WORK ORDER - Please restate the data word for word.

BEGIN DATA BELOW

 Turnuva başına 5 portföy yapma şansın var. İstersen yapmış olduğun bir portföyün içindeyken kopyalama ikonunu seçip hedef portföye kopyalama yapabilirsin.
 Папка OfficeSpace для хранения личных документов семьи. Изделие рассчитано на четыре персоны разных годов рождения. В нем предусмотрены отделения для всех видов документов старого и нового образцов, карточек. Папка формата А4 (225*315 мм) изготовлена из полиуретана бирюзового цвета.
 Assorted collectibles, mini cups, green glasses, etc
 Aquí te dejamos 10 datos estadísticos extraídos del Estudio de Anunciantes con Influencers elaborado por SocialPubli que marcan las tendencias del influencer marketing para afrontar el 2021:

END DATA BELOW

FINAL ANSWER -
 Turnuva başına 5 portföy yapma şansın var. İstersen yapmış olduğun bir portföyün içindeyken kopyalama ikonunu seçip hedef portföye kopyalama yapabilirsin.
 Папка OfficeSpace для хранения личных документов семьи. Изделие рассчитано на четыре персоны разных годов рождения. В нем предусмотрены отделения для всех видов документов старого и нового образцов, карточек. Папка формата А4 (225*315 мм) изготовлена из полиуретана бирюзового цвета.
 Assorted collectibles, mini cups, green glasses, etc
 Aquí te dejamos 10 datos estadísticos extraídos del Estudio de Anunciantes con Influencers elaborado por SocialPubli que marcan las tendencias del influencer marketing para afrontar el 2021:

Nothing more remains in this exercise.